[DATA SUPPLIED]
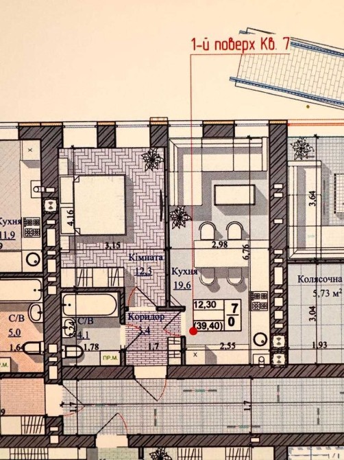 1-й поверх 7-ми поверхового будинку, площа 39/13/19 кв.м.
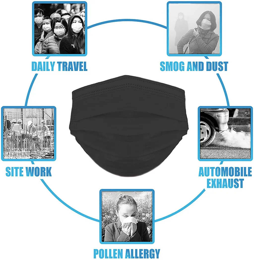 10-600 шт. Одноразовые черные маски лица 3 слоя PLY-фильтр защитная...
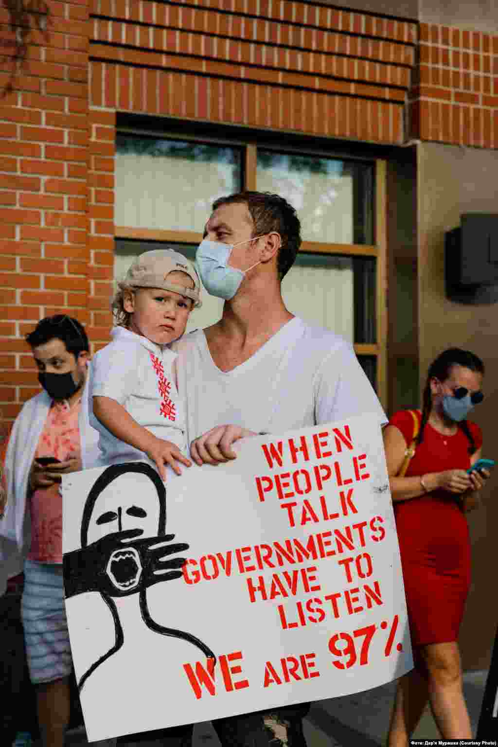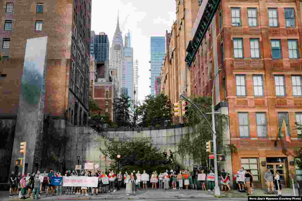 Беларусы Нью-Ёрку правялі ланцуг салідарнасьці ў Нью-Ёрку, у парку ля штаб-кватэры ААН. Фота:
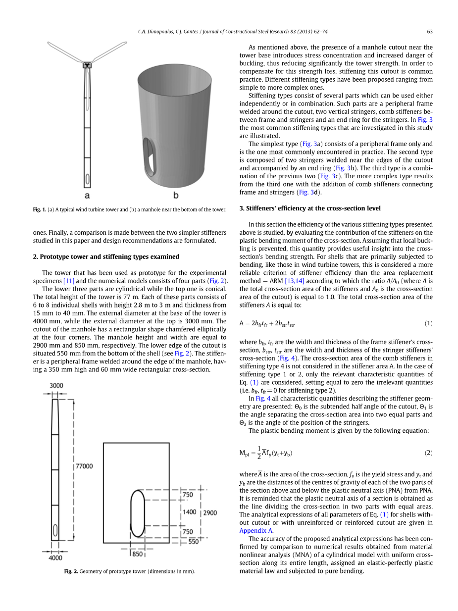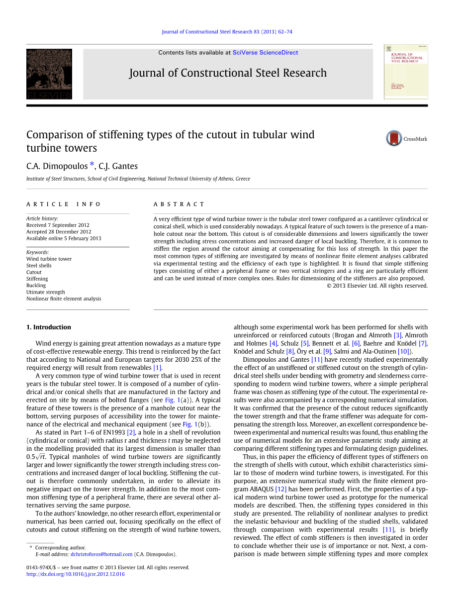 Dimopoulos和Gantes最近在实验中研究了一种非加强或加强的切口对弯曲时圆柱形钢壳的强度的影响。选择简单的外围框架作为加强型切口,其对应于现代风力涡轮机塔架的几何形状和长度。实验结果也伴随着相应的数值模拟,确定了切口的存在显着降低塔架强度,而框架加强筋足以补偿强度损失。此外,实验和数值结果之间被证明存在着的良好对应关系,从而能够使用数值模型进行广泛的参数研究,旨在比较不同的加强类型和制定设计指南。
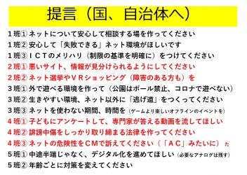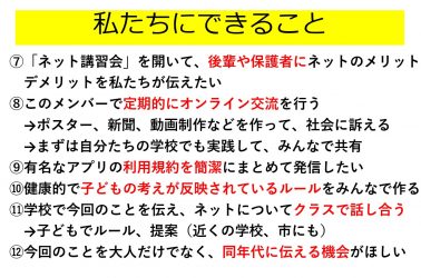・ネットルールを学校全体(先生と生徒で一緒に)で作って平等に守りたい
* * *
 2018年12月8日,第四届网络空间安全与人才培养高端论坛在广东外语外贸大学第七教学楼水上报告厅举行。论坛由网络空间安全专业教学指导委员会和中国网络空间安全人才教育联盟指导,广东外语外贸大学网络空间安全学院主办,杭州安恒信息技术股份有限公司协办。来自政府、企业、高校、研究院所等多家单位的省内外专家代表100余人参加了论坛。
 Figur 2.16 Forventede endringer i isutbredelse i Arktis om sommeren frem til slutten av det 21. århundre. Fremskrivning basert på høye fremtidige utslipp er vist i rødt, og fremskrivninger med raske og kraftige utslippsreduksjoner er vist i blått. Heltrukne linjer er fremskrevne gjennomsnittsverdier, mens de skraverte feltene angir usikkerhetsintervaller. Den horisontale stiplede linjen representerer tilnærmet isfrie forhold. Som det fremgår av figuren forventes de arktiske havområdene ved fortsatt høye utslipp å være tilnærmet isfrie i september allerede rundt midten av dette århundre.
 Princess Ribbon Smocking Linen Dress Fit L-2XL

[WHAT YOU NEED TO DO] Beginning with the line holding "2018年12月8日,第四届" and ending with the line holding "Princess Ribbon Smocking", write out the stretch of material above exactly; add no further lines.

[RESULT]
 2018年12月8日,第四届网络空间安全与人才培养高端论坛在广东外语外贸大学第七教学楼水上报告厅举行。论坛由网络空间安全专业教学指导委员会和中国网络空间安全人才教育联盟指导,广东外语外贸大学网络空间安全学院主办,杭州安恒信息技术股份有限公司协办。来自政府、企业、高校、研究院所等多家单位的省内外专家代表100余人参加了论坛。
 Figur 2.16 Forventede endringer i isutbredelse i Arktis om sommeren frem til slutten av det 21. århundre. Fremskrivning basert på høye fremtidige utslipp er vist i rødt, og fremskrivninger med raske og kraftige utslippsreduksjoner er vist i blått. Heltrukne linjer er fremskrevne gjennomsnittsverdier, mens de skraverte feltene angir usikkerhetsintervaller. Den horisontale stiplede linjen representerer tilnærmet isfrie forhold. Som det fremgår av figuren forventes de arktiske havområdene ved fortsatt høye utslipp å være tilnærmet isfrie i september allerede rundt midten av dette århundre.
 Princess Ribbon Smocking Linen Dress Fit L-2XL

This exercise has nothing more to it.